Cortical networks, in-vitro as well as in-vivo, can spontaneously generate a variety of collective dynamical events such as network spikes, UP and DOWN states, global oscillations, and avalanches. Though each of them has been variously recognized in previous works as expression of the excitability of the cortical tissue and the associated nonlinear dynamics, a unified picture of the determinant factors (dynamical and architectural) is desirable and not yet available. Progress has also been partially hindered by the use of a variety of statistical measures to define the network events of interest. We propose here a common probabilistic definition of network events that, applied to the firing activity of cultured neural networks, highlights the co-occurrence of network spikes, power-law distributed avalanches, and exponentially distributed ‘quasi-orbits’, which offer a third type of collective behavior. A rate model, including synaptic excitation and inhibition with no imposed topology, synaptic short-term depression, and finite-size noise, accounts for all these different, coexisting phenomena. We find that their emergence is largely regulated by the proximity to an oscillatory instability of the dynamics, where the non-linear excitable behavior leads to a self-amplification of activity fluctuations over a wide range of scales in space and time. In this sense, the cultured network dynamics is compatible with an excitation-inhibition balance corresponding to a slightly sub-critical regime. Finally, we propose and test a method to infer the characteristic time of the fatigue process, from the observed time course of the network’s firing rate. Unlike the model, possessing a single fatigue mechanism, the cultured network appears to show multiple time scales, signalling the possible coexistence of different fatigue mechanisms.

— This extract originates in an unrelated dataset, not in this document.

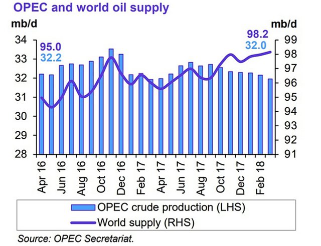 ОПЕК повысила прогноз роста поставок нефти из стран, не входящих в картель, на 80 тыс. б/с до 1,71 млн б/с в 2018 году. Во многом это обусловлено большим, чем ожидалось, ростом добычи в I квартале в США и странах бывшего Советского Союза.

机译:体外和体内的皮质网络都可以自发地产生各种集体的动力学事件,例如网络尖峰,UP和DOWN状态,全局振荡和雪崩。尽管它们每个都已在先前的工作中被不同程度地认为是皮层组织的兴奋性和相关的非线性动力学的表达,但人们仍希望获得统一的决定因素(动力学和建筑因素)的图片。使用各种统计方法来定义感兴趣的网络事件也部分地阻碍了进展。我们在这里提出网络事件的概率概率定义,该定义适用于培养的神经网络的激发活动,突出了网络峰值,幂律分布雪崩和指数分布的“准轨道”的共现,这提供了第三点集体行为的类型。速率模型,包括没有强制拓扑的突触激发和抑制,突触短期抑制和有限大小的噪声,解释了所有这些不同的,共存的现象。我们发现,它们的出现在很大程度上受到动力学振荡不稳定的影响,非线性激励行为导致活动波动在时空的较大范围内自放大。从这个意义上讲,培养的网络动力学与对应于次临界状态的激发抑制平衡相兼容。最后,我们提出并测试一种方法,该方法可从观察到的网络点火速率的时间过程中推断出疲劳过程的特征时间。与具有单一疲劳机制的模型不同,培养的网络似乎显示了多个时间尺度,这表明不同疲劳机制可能共存。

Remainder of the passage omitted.